UC San Diego

Marine natural products have long served as leads for pharmaceutical compounds, as well as sources of compounds whose value lies in the novelty of their structures. As more natural products are discovered and described, compounds with truly novel structures or bioactivities have become increasingly difficult to find. Therefore, a reactivity-guided approach has been developed to aid in the search for natural products bearing specific functional groups. An azide-based probe for terminal alkyne-bearing natural products was synthesized and implemented, which facilitated the discovery of the vatiamide family of natural products. Further, a suite of tetrazine-based probes for isonitrile-bearing natural products was synthesized and evaluated on the basis of reactivity, stability, and fragmentation behavior in mass spectrometry.
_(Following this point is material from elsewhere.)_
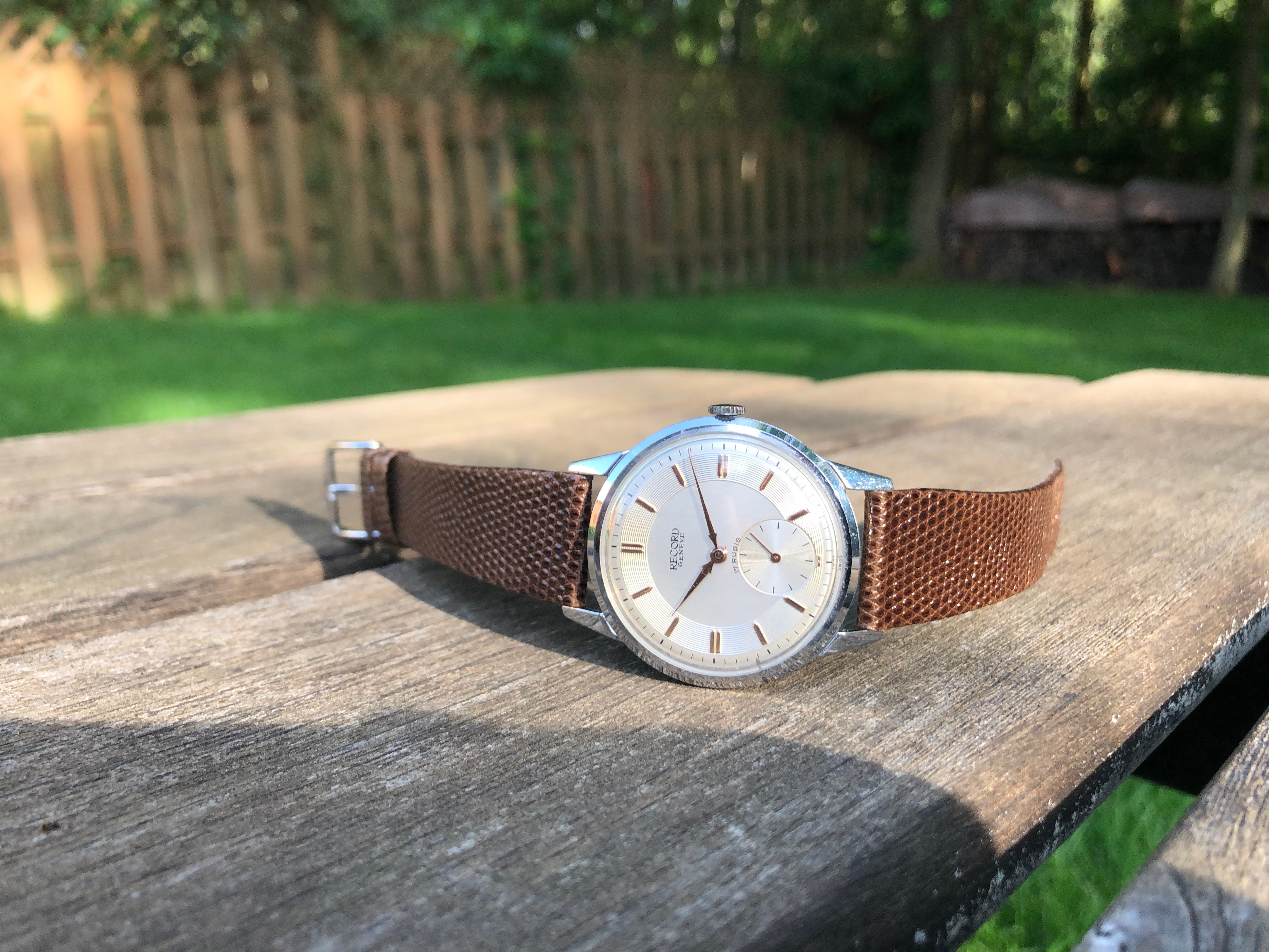 Once again, a very attractive vintage timepiece from the mid-50's in a hard to find "jumbo" size with great wrist presence. The Dial and Handset provide reason enough to give this one some serious wrist time.

The marine bacterial natural product lymphostin was recognizable for its unusual structural features, but its biochemical activity, and mechanism thereof, was not fully understood. Lymphostin and its family of related analogs were evaluated for their kinase inhibition activity, and model systems were synthesized to understand lymphostin’s mechanism of kinase inhibition. Lymphostin was found to be a potent and irreversible inhibitor of PI3K/mTOR, the first compound from bacteria to be shown with this activity. An effort towards the total synthesis of lymphostin was then undertaken, resulting in the discovery of an unusual heteroaryl dimerization reaction.